Many of these police robots are involved and you know sometimes there’s that moment : ‘oh that’s a bit fake’. I’m not sure how they did it, whatever sorcery was involved worked. Because I was led to believe every robot I saw, engaging in combat was actually there.

The story continues to unfold and we are introduced to some well-known faces such as Hugh Jackman, Sigourney Weaver and Dev Patel. But they were matched by some rather unknowns who to me stole the show. Our title character begins life as a police robot and takes on heavy damage early in the first action sequence. This runs in parallel with some swanky new software being developed by Patel pulling an all nighter on red bull.

This software allows a robot to simply be human in terms of emotion and feelings. He can learn and is influenced by the people around him and from what he is told. The ultimate theme and concept that is familiar in all robot stories. But this time they got it so damn right.

Chappie is born and the real story begins. I found myself thoroughly enjoying this film. There were nods to Robocop and many of the 80’s sci fi classics in terms of certain themes and sequences. As much as it felt like one of those classics this also felt like a modern day better version of these productions.

I wouldn’t be able to compare this film or story to anything ever done on screen. It’s a fantastic original piece and represents the robot genre immaculately. There were moments when I laughed out loud and times when I was truly moved. Mostly by this robot who was just trying to find his way in the world. The story to me was beautiful, I have only been quoted once to say that about Titanic. Leo DiCaprio and Kate Winslet falling in somewhat doomed love whilst one of the worst disasters in history unfolds around them. This is all heightened by that tragedy. It’s perfect and although chappie isn’t as much a Romeo and Juliet story it still gives the same effect.
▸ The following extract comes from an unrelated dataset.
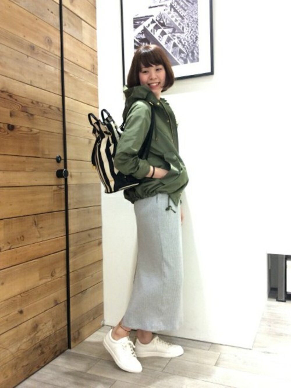 カジュアルワンピーススタイル ドロップショルダーで、体から離れるゆったりとしたサイズ感で着心地◎ 後ろの深めのスリットで女性らしさを。 スニーカーとあわせたカジュアルコーデがおすすめです。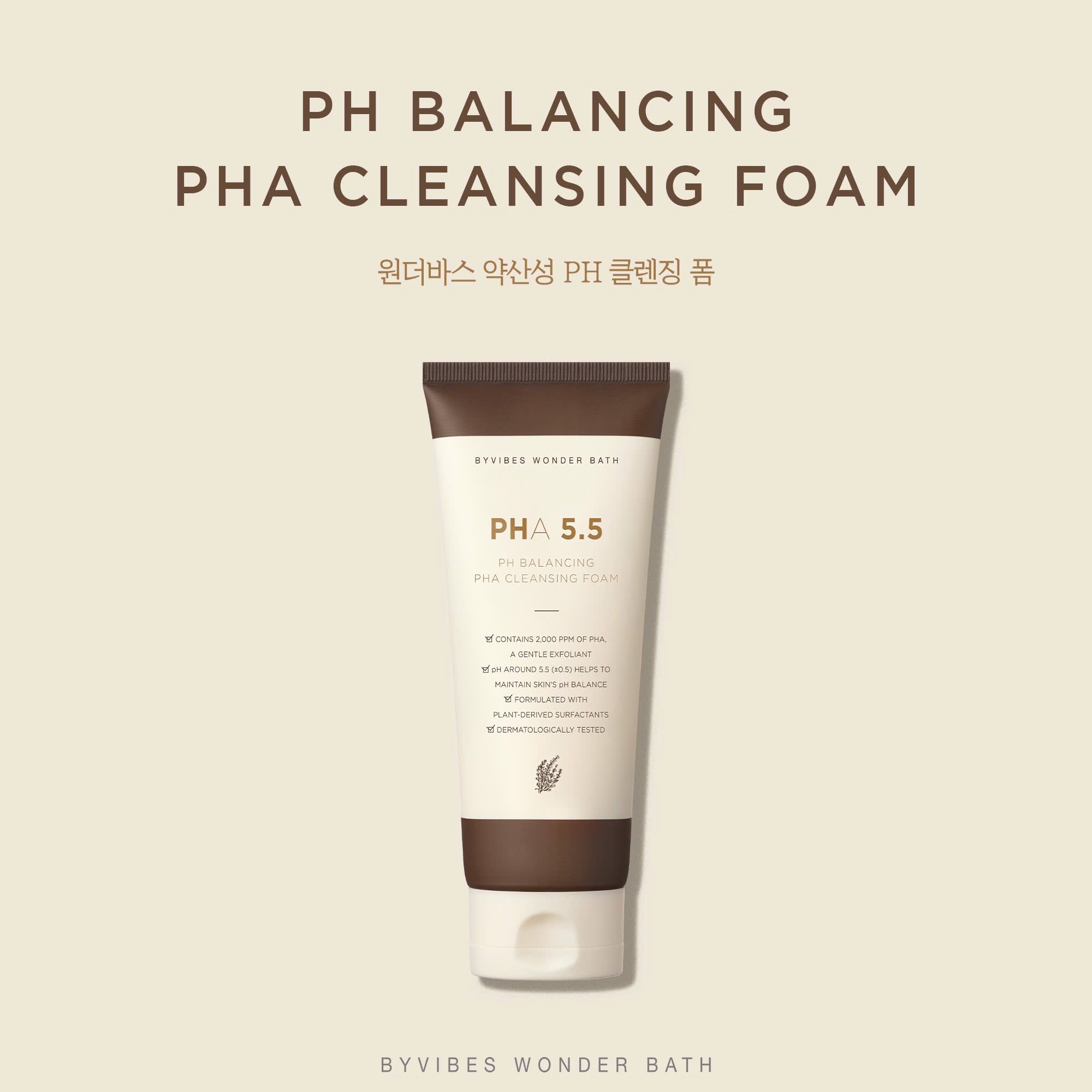 Sữa Rửa Mặt Tẩy Tế Bào Chết Byvibes Wonder Bath PHA 5.5 PH Balancing PHA Cleansing Foam là dòng sữa rửa mặt tạo bọt có độ PH 5.5 – độ pH tốt nhất cho da, đồng thời thành phần PHA giúp làm sạch da và hỗ trợ điều trị mụn. Các thành phần trong sữa rửa mặt đến từ tự nhiên nên dịu nhẹ cho da và giữ ẩm cho da hiệu quả.

Although the action was quite violent in places, it was suitable for what Neil Blomkamp was trying to tell us. This film wasn’t about robots in the end, it was about humanity and its ability to make you laugh and make you cry with every other emotion in between. But it takes for something not human to try and be human for us to see that. (yes read that last sentence twice and slowly)

I came away thinking what an exceptional film and story. One film that I do recommend you seeing because it may not make you laugh or move you but it will certainly get you in one way or another.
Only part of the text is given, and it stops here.